The network (Fig. 4) consists of a multi-scale object discovery block, a spatial pyramid pooling block with 3 max-pooling layers, a dense connection block with four dense units, and five laminated convolution-pooling blocks. The SPP block with three max-pooling layers is presented next to the DC block for connecting the nearby area highlights and is removed and met by multi-scale pooling [35]. The Spatial Pyramid Pooling approach improves the existing system by optimizing the connection structure of the backbone network and introduces a multi-scale local region feature extraction, helping in achieving object detection speed that is close to YOLOv2, and higher than conventional methods like De-convolutional Single Shot Detector (DSSD), Scale-transferable Detection Network (STDN) and YOLOv3 [35].
The new loss function is constructed adopts to illustrate the defeat of object detection, we use the cross-entropy of object classification and the mean squared error of the coordinate regression. The vanishing-gradient issue can be resolved and the training model can be made robust using cross-entropy to describe the object classification defeat.
Implementation
The model flowchart (Fig. 5) receives the input frame at the beginning of the model. This input frame is checked for the presence of a person by the model. If there is a person in the frame the model continues processing otherwise the frame is discarded. The frame is then transformed according to the view making it ideal for generating the results. If there are more than 2 people detected in the frame, the pairwise distances between all the people are calculated. This calculated distance along with the centroid coordinates and coordinates of bounding boxes around them is calculated.
As the distance between the coordinates is changed with the receiving of continuous frames the distance calculated between people is checked against the MIN_DIST, which is the threshold for the distance between 2 people for maintaining Social Distancing. The frame and color of the Circle are then determined by this factor. The bounding box is given green color if the distance calculated is more than the threshold value or given yellow color if the distance is in the range of more than permitted and less than the threshold value. If the calculated distance is less than MIN_DIST, the bounding box is presented with red color. The red-colored box also increases the number of people violating the norms counter. After this, the frame is looped again for updating the coordinates continuously. This process is repeated by the model until a person is present in the frame.

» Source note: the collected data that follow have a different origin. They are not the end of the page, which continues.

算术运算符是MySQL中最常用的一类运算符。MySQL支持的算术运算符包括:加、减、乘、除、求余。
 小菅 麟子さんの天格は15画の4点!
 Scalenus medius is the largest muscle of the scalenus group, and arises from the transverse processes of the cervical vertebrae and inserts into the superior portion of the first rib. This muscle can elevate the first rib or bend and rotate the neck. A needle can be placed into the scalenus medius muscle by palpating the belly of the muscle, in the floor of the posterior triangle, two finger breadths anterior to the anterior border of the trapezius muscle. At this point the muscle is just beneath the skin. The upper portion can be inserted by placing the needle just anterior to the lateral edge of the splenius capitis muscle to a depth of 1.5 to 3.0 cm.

The indices are updated according to the presence of the people, finally ending the process when the input frames are finished or stopped.
Results and Discussion
The results and analysis of all the models are done with respect to two parameters namely, frames per second (FPS) and processing Time (Eq. 2). A frame per second is the rate at which the classified output is displayed on the screen and processing time is the difference between the current time and time at which the last frame was processed. These two factors significantly influence the results of this real-time classification model.

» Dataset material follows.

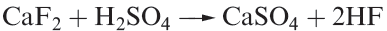Most fluorine-containing compounds are made using HF, the latter being prepared from fluorite by reaction 1.1; in 2001, ≈ 80% of CaF2 consumed in the US was converted into HF. Hydrogen fluoride is also recycled from Al manufacturing processes and from petroleum alkylation processes, and re-enters the supply chain. Difluorine is strongly oxidizing and must be prepared industrially by electrolytic oxidation of F- ion. The electrolyte is a mixture of anhydrous molten KF and HF, and the electrolysis cell contains a steel or copper cathode, ungraphitized carbon anode, and a Monel metal (Cu/Ni) diaphragm which is perforated below the surface of the electrolyte, but not above it, thus preventing the H2 and F2 products from recombining. As electrolysis proceeds, the HF content of the melt is renewed by adding dry gas from cylinders.

According to the findings [16], the properties of the YOLO models v3, v4, and v5 and the average performance outcomes done on the 3 videos used for the comparative study are given in Table 2. For this implementation, complete IoU as the loss function and relu and leaky relu as the activation function practiced in all models. With YOLO v3 and YOLO v5s, videos were scanned at an average frame rate of 9.51 and 18.71, respectively. YOLO v3 managed to obtain the best accuracy rate of 87.07% despite having the lowest FPS value. The test films were processed by the YOLO v3 algorithm on average in 35.14 s, which suggests that it might have a speed-related performance problem. The YOLO v5s model has been created to solve this issue. The test moving inputs were scanned by the YOLO v5s on average in 17.48 seconds at an FPS of 18.71 with an average accuracy of 73.70%. Concerning the mAP(0.5) metric, the YOLO v3 model attained a superior performance of 89.91% compared with YOLOv4 and YOLOv5. Unfortunately, YOLO v4 results are very poor than v3 and v5 in all comparisons. YOLO v3 and v5s models are superior to one another with respect to mAP, FPS, and accuracy metrics. A trade-off between the two models should be established based on the application. While v5s should be utilized to achieve performance that is almost real-time (i.e., fast speed), V3 should be used if high precision and mAP are needed.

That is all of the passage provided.